Я онѣмѣлъ отъ изумленія; затѣмъ, черезъ нѣсколько мгновеній проговорилъ:
— Ты еще такая маленькая: откуда ты все это знаешь?
— Это цвѣтѣ мнѣ все говорятъ, — сказала она со смѣхомъ: они — твои друзья. Только все это — правда. Ну, а теперь, поиграй со мною!
— Нѣтъ, подожди. — Я никакъ не могъ понять ея рѣчей. На самомъ дѣлѣ, я былъ до крайности озадаченъ, и кромѣ того чувствовалъ, что голова у меня отяжелѣла и горитъ.
— Не можетъ быть, чтобы я училъ ихъ съ трона! — воскликнулъ я еще разъ.
— Училъ! И высшіе жрецы благоговѣйно склонили головы передъ тобой, потому что ты имъ объяснилъ, какъ устроить какую-то церемонію, центральнымъ лицомъ которой будешь ты самъ.
— Я!?
— Да! И ты сказалъ имъ, изъ чего должно быть сдѣлано твое одѣяніе, какъ его сшить и какія произносить слова, облекая тебя въ него.
Я вслушивался въ ея слова все съ большимъ интересомъ; когда она кончила, я закричалъ:
— Можешь ты мнѣ еще что-нибудь разсказать?
— Отнынѣ, ты будешь жить среди земныхъ цвѣтовъ и станешь часто съ дѣтьми танцовать. О, тамъ многое было сказано тобой! Но насчетъ церемоніи я что-то не припомню. Впрочемъ самъ скоро увидишь: она, вѣдь, произойдетъ сегодня ночью.
Я вскочилъ съ ложа, охваченный внезапнымъ порывомъ безумнаго ужаса.
— Не бойся — произнесла она, смѣясь: вѣдь я же буду при тебѣ. Я очень рада этому, потому что, хотя и принадлежу къ храму, но ни разу еще мнѣ не приходилось присутствовать ни на одной изъ священныхъ церемоній.
— Ты, принадлежишь къ храму! Да вѣдь они даже голоса-то твоего слышать не могутъ!

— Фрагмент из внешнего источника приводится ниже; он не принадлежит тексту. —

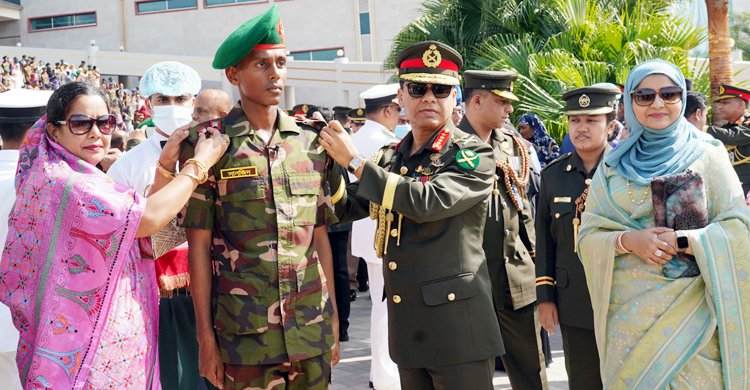 বাংলাদেশ মিলিটারি একাডেমির (বিএমএ) ৮৫তম বিএমএ দীর্ঘমেয়াদি কোর্সের অফিসার ক্যাডেটদের কমিশনপ্রাপ্তি উপলক্ষে রাষ্ট্রপতি কুচকাওয়াজ অনুষ্ঠিত হয়েছে। সোমবার (৪ ডিসেম্বর) চট্টগ্রামের ভাটিয়ারির বিএমএ প্যারেড গ্রাউন্ডে এ কুচকাওয়াজ অনুষ্ঠিত হয়। এতে প্রধান অতিথি হিসেবে কুচকাওয়াজ পরিদর্শন ও প্যারেডের অভিবাদন গ্রহণ করেন বাংলাদেশ সেনাবাহিনী প্রধান জেনারেল এসএম শফিউদ্দিন আহমেদ। পরে তিনি কৃতি ক্যাডেটদের মাঝে পুরস্কার বিতরণ করেন। আন্তঃবাহিনী জনসংযোগ পরিদপ্তরের (আইএসপিআর) পাঠানো এক সংবাদ বিজ্ঞপ্তিতে এ তথ্য জানানো হয়। সেনাবাহিনী প্রধান প্রশিক্ষণ সমাপনকারী ক্যাডেটদের উদ্দেশে সর্বকালের সর্বশ্রেষ্ঠ বাঙালি জাতির পিতার দিকনির্দেশনামূলক ঐতিহাসিক ভাষণের কথা স্মরণ করিয়ে দিয়ে বলেন, আজ এই শপথ গ্রহণের মধ্য দিয়ে তোমাদের ওপর ন্যস্ত হলো দেশের স্বাধীনতা ও সার্বভৌমত্ব রক্ষার পবিত্র দায়িত্ব। তিনি জাতির জনকের হাতে গড়া সেনাবাহিনীকে একটি প্রশিক্ষিত, সুশৃঙ্খল এবং আধুনিক সমরাস্ত্রে সজ্জিত বাহিনী হিসেবে গড়ে তোলার প্রত্যয় ব্যক্ত করেন। সেনাপ্রধান মনোমুগ্ধকর কুচকাওয়াজ প্রদর্শনের জন্য একাডেমির কমান্ড্যান্ট, সংশ্লিষ্ট সকল অফিসার, জেসিও, এনসিও, সৈনিক এবং অসামরিক কর্মকর্তা-কর্মচারীদের আন্তরিক ধন্যবাদ জ্ঞাপন করেন। দীর্ঘ তিন বছরের কঠোর সামরিক প্রশিক্ষণ শেষে কুচকাওয়াজের মাধ্যমে ৮৫তম বিএমএ দীর্ঘমেয়াদি কোর্সের ২৫০ জন অফিসার ক্যাডেট এবং এক বছরের সামরিক প্রশিক্ষণ শেষে ৫৮তম বিএমএ স্পেশাল কোর্সের তিনজন অফিসার ক্যাডেট এবং সাতজন ট্রেইনি অফিসার কমিশন লাভ করেন। সেনাবাহিনীতে কমিশনপ্রাপ্ত অফিসারদের মধ্যে ২২৮ জন পুরুষ ও ৩১ জন নারী অফিসার রয়েছেন। এছাড়া কমিশনপ্রাপ্ত অফিসারদের মধ্যে একজন শ্রীলংকান অফিসার রয়েছেন যিনি নিজ সেনাবাহিনীতে যোগদান করবেন। সর্ব বিষয়ে শ্রেষ্ঠত্বের জন্য ব্যাটালিয়ন সিনিয়র আন্ডার অফিসার এ এম সানজিদ ৮৫তম বিএমএ দীর্ঘমেয়াদি কোর্সে সেরা চৌকস ক্যাডেট বিবেচিত হন এবং অসামান্য গৌরবমন্ডিত ‘সোর্ড অব অনার’ অর্জন করেন। এ ছাড়া কোম্পানি সিনিয়র আন্ডার অফিসার রিয়াদ হোসেন সামরিক বিষয়ে শ্রেষ্ঠত্বের জন্য ‘সেনাবাহিনী প্রধান স্বর্ণপদক’ অর্জন করেন এবং অফিসার ক্যাডেট হারসা নিমেসা তিলান্হা হিথারচ্ছি বেস্ট ওভারসিজ ক্যাডেট অ্যাওয়ার্ড অর্জন করেন। পরে ক্যাডেটগণ আনুষ্ঠানিক শপথ গ্রহণ করেন এবং বাবা মা ও অভিভাবকরা নবীন অফিসারদের র্যাংক-ব্যাজ পরিয়ে দেন। অনুষ্ঠানের শুরুতে প্রধান অতিথি বিএমএ প্যারেড গ্রাউন্ডে এসে পৌঁছালে জেনারেল অফিসার কমান্ডিং (জিওসি) আর্মি ট্রেনিং অ্যান্ড ডকট্রিন কমান্ড, জেনারেল অফিসার কমান্ডিং (জিওসি) ২৪ পদা

— А иногда они и меня самое не могутъ видѣть! — проговорила она со смѣхомъ. — Только одинъ Агмахдъ всегда меня видитъ, потому что я принадлежу ему. Но говорить съ нимъ мнѣ нельзя… А тебя я люблю, потому что могу бесѣдовать съ тобою… Пойдемъ играть, выйдемъ на воздухъ. Цвѣты въ саду не хуже этихъ, да и мячъ — тамъ. Пойдемъ!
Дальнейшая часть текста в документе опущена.